Elusive. What is the fact anyway? Was it raining for 1h58m yesterday, or where exactly was it raining? Maybe the rain clouds moved over this time, maybe it was on and off, maybe it was just reported as raining but nothing actually happened. You may try to dig these details infinitely, and there will always be some rough corners remaining. We don't exactly interchange facts, these are just little models approximating some experience, not always valid ones. So, you can't catch a fact, it's elusive. We often agree on facts because they are being generated by a common model, common sense if you will, but it barely pretends to be more objective than any other models we exchange.
When you hear the report of a passenger plane being shot by X, ask yourself one question: does it fit into your model of X, or is it a part of transmitter's model? What is the "fact" based on: a quality video of the event, or just the words of an involved party? What could have happened that would be perceived the same way?
Useless. We can remember the fact, transmit it (a model of it, to be precise), but that's it. Actually learning from a fact involves something much more complex - a model, explained in the next section.

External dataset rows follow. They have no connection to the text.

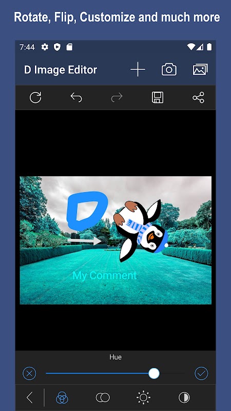 - D Image Editor provides an option to perform image transformations such as rotate and flip.
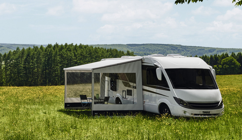 Rain + Sun blocker for the awning front, G2 modular system, several Rain + Sun blockers can be combined side by side in the awning front. Made of translucent mesh fabric. Protection against sun rays.
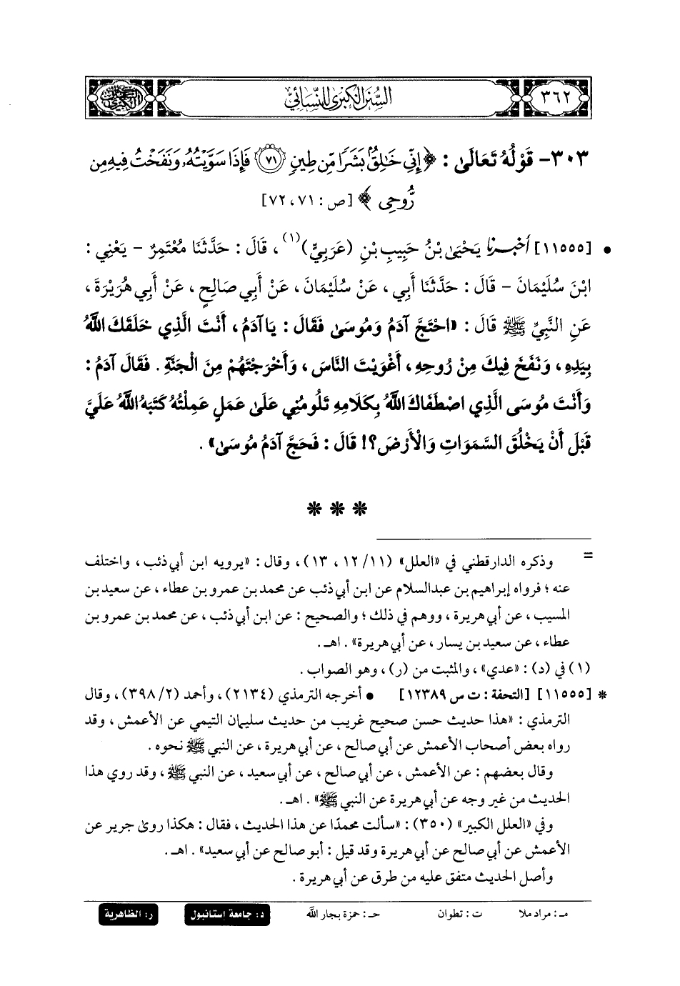 11555- أَخبَرنا يَحيَى بنُ حَبِيبِ بنِ عَرَبِيٍّ، قَالَ: حَدثنا مُعْتَمِرٌ، يَعْنِي ابنَ سُلَيمَانَ، قَالَ: حَدثنا أَبي، عَن سُلَيمَانَ، عَن أَبي صَالِحٍ، عَن أَبي هُرَيرَةَ، عَنِ النَّبيِّ صَلى الله عَليه وسَلم قَالَ: احْتَجَّ آدَمُ وَمُوسَى، فَقَالَ: يَا آدَمُ، أَنْتَ الَّذِي خَلَقَكَ اللهُ بِيَدِهِ، وَنَفَخَ فِيكَ مِنْ رُوحِهِ، أَغْوَيْتَ النَّاسَ، وَأَخْرَجْتَهُمْ مِنَ الجَنَّةِ، فَقَالَ آدَمُ: وَأَنْتَ مُوسَى الَّذِي اصْطَفَاكَ اللهُ بِكَلامِهِ، تَلُومُنِي عَلَى عَمَلٍ عَمِلْتُهُ كَتَبَهُ اللهُ عَلَيَّ قَبْلَ أَنْ يَخْلُقَ السَّمَاوَاتِ وَالأَرْضَ؟ قَالَ: فَحَجَّ آدَمُ مُوسَى.
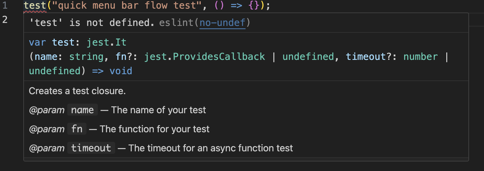 테스트코드를 작성했는데 VSCode에서 아래의 오류 상세처럼 'test' is not defined.라는 eslint의 no-undef유형의 오류가 발생했다.
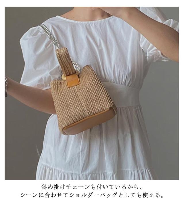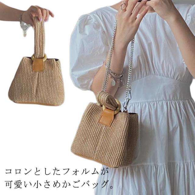 レディース 籠バッグ ストローバッグ カゴバッグ 浴衣バッグ トートバッグ 手提げバッグ ハンドバッグ ミニバッグ ミニトート 小さめ 着物用 ショルダーチェーン付き 可愛い ショルダーチェーン付き ショルダーバッグ かごバッグ
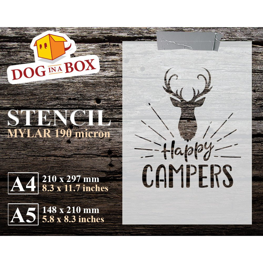 Wiederverwendbare "Happy Campers" -Schablone zum Malen auf Holz, Wänden oder Stoffen.
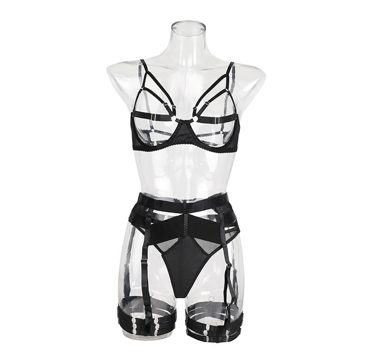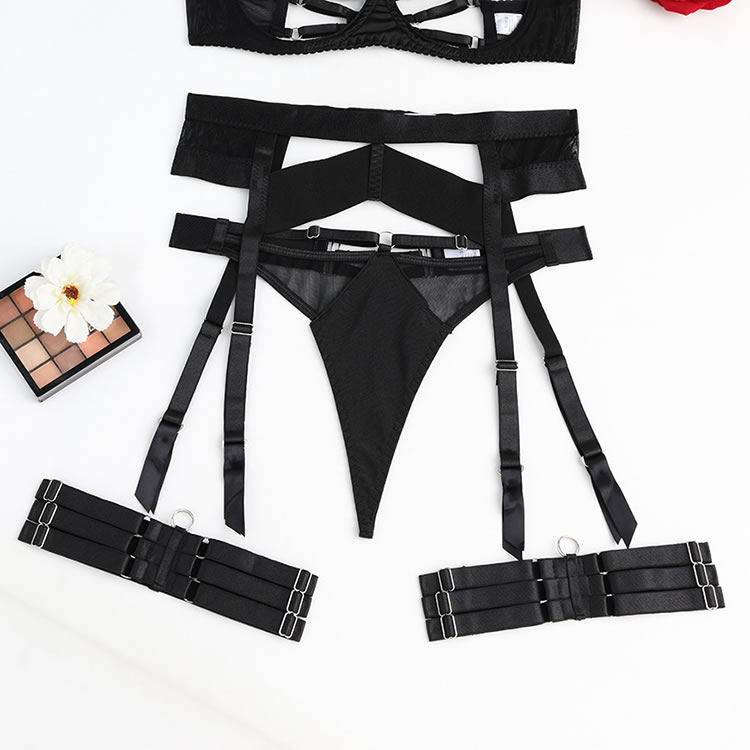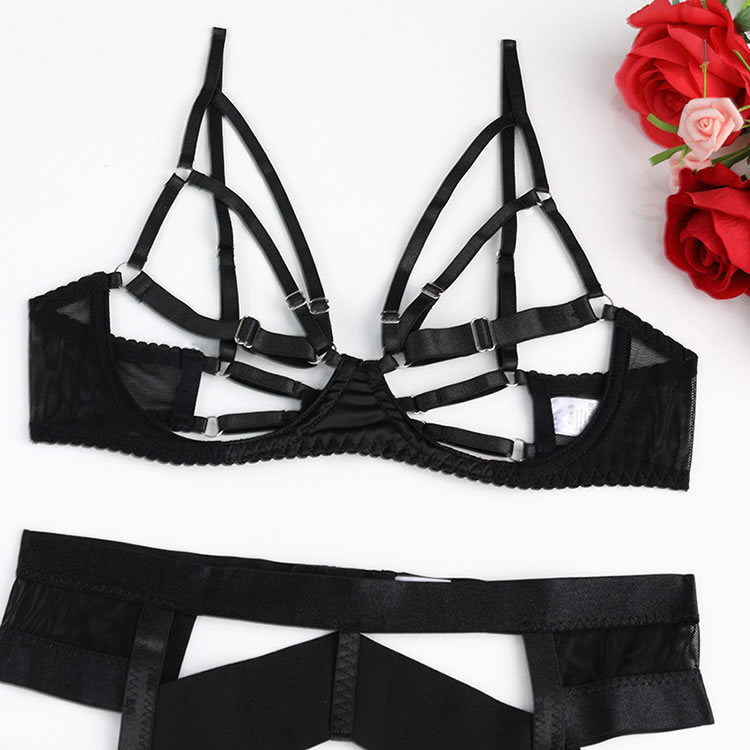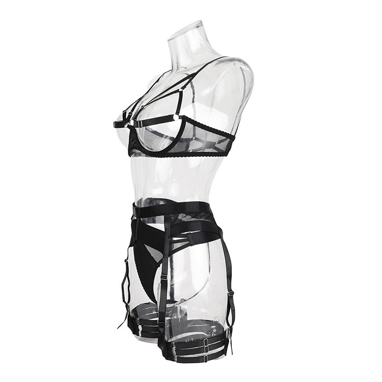 Embrace the allure of romance with this enticing bra set. Featuring open strappy underwire cups, adjustable spaghetti straps, and a convenient hook back closure, this set exudes seduction. The matching high-waisted garter belt with adjustable garter straps and wraparound leg garters adds a daring touch, while the coordinating thong panty completes the ensemble. Perfect for setting the mood, this provocative set is sure to leave a lasting impression.
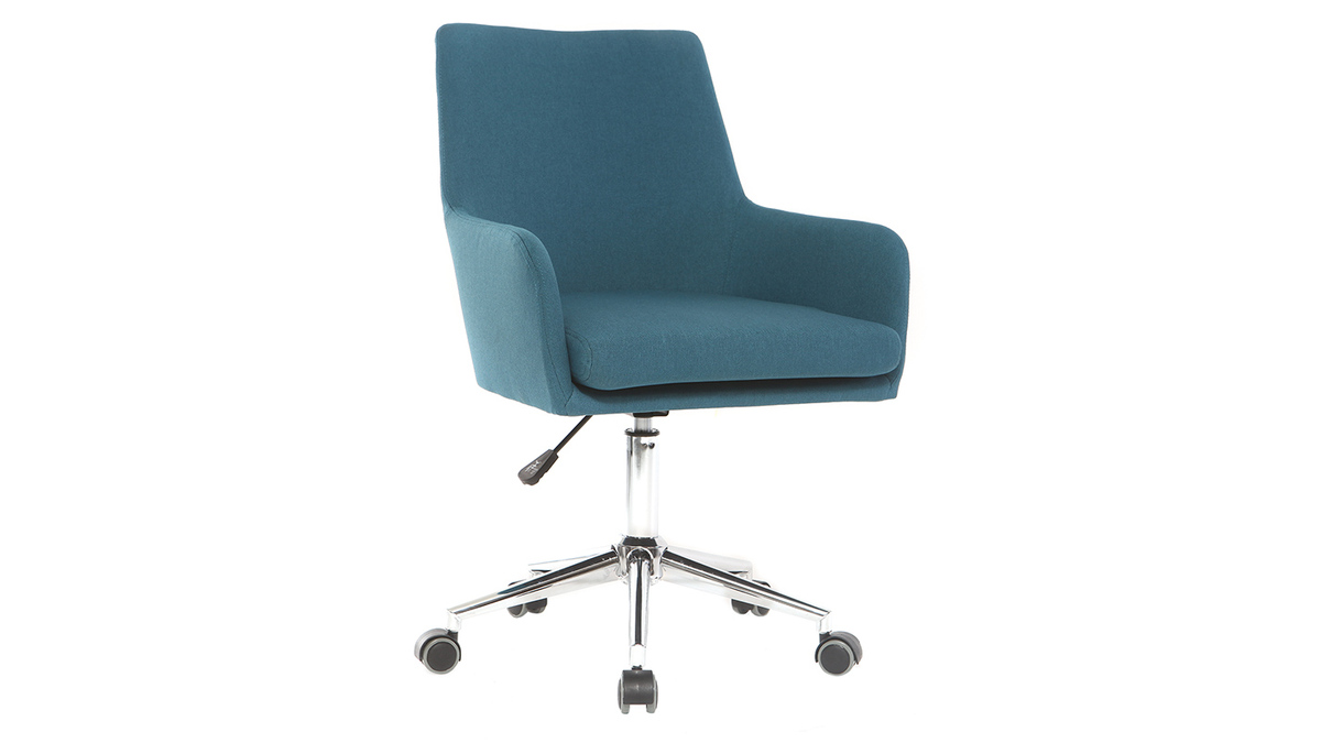 Avec sa forme moderne et son revêtement en tissu bleu canard, cette chaise de bureau apportera une touche déco à l'espace de travail. Grâce à son grand dossier, ses accoudoirs et son coussin d'assise d'une densité de 24 kg/m³, elle est adaptée à un usage quotidien et offre un très bon confort d'assise, idéal pour les longs moments passés derrière son bureau. Grâce à son pied réglable en hauteur, le modèle SHANA s'adapte à chaque utilisateur : son assise passe de 45 à 53 cm de haut en un clin d'oeil. Pour plus de praticité, ce fauteuil pivote et est équipé de 5 roulettes pour se déplacer aisément.
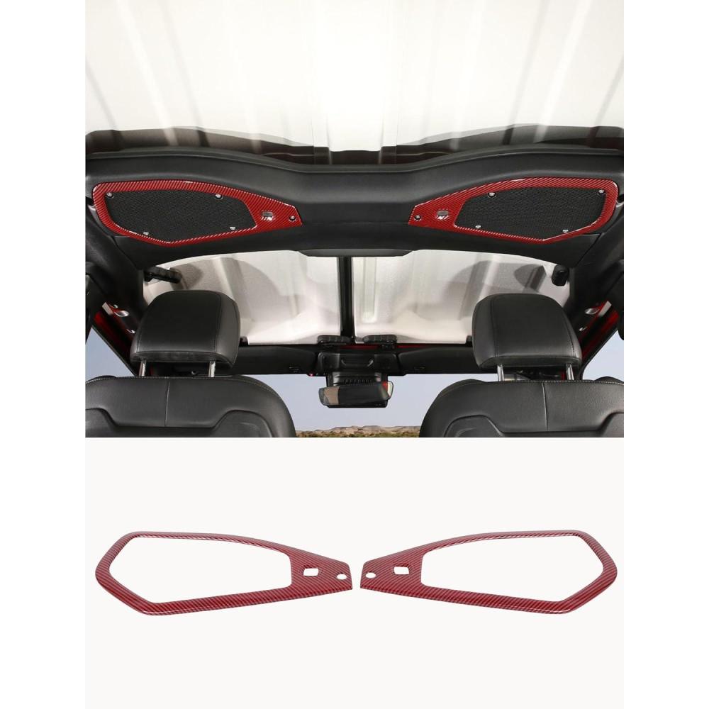 imageSavadicar Overhead Soundbar Speaker Trim Cover for 2024 Jeep Wrangler JL ampamp Gladiator JT Enhance Interior Aesthetics with Premium Styling Accent Accessories Red 2 PcsCarbon Fiber
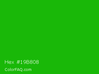 Hex #19b808 Color is a normal green color and the nearest color is Slimy Green #299617. Hex code #19b808 and RGB value is rgb(25,184,8). In RGB color space, this color is composed of 10% red, 72% green, 3% blue, In CMYK color space, this color is composed of 86% cyan, 0% magenta, 96% yellow , 28% black , In HSL color space, this color has a hue angle of 114° , 92% saturation and 38% lightness.

Smooth and extendable. Model is what allows us to predict the future, and to fill gaps in our past. This is how the brain works - essentially, it constructs and manipulates models of the perceived world. Prediction is the sole purpose of our high-level neural system.
A historian, for example, reads the "facts" about German history, tries to construct a model in their head, including the psychological profile of Hitler, if you will. When they finished the model, checked that the facts matched (or buried the ones that did not), exchanged the idea with other historians, applied the political agenda, only then they write a book explain every little bit of what happened. The model is often hidden behind the straight facts: it's in their formation, layout, and, of course, selection (if you know a bigger subset).
Contagious. As mentioned before, we exchange models and not facts. Once you understand the model, it changes your perception of the future by proposing difficult predictions of it. Often, you'd want to adopt a model to live in a better future.
In the last century there was a couple of strong contagious models: capitalism, communism, and fascism. The first envisioned goods and freedom for everyone, the second - equality and modesty, and the third - prosperity at the cost of other nations. People fought for these ideas all over the world (WW2, Vietnam, Afghanistan, Korea, etc.), by the way constructing enormous mechanisms of spreading the idea far away (mass media, culture of journalism, generations of kids educated in a biased way, etc.). Today we read the history books written by the winners, we listen to their voice adjusted to continue zombifying us, this time only to different threats.
Complex. A model is an essence of all the facts it explains. It bears the core complexity of the domain, which can be extremely valuable. It is often complex to explain it to others, especially if it hasn't shaped up nicely yet in your own brain. These qualities make it important to always serialize the important models, which is what I'm doing here.



Pay attention to the models around you, don't focus on the facts. When thinking about a person, or arguing with one, try reconstructing how they see the world, so that it matches the actions they perform. Be ready to test your own models and be flexible to adjust them. Be skeptical about "facts" being streamed to you, try correcting them with respect to the bias of the transmitter. In a way, there are no facts, no truth, and all we got are subjective models.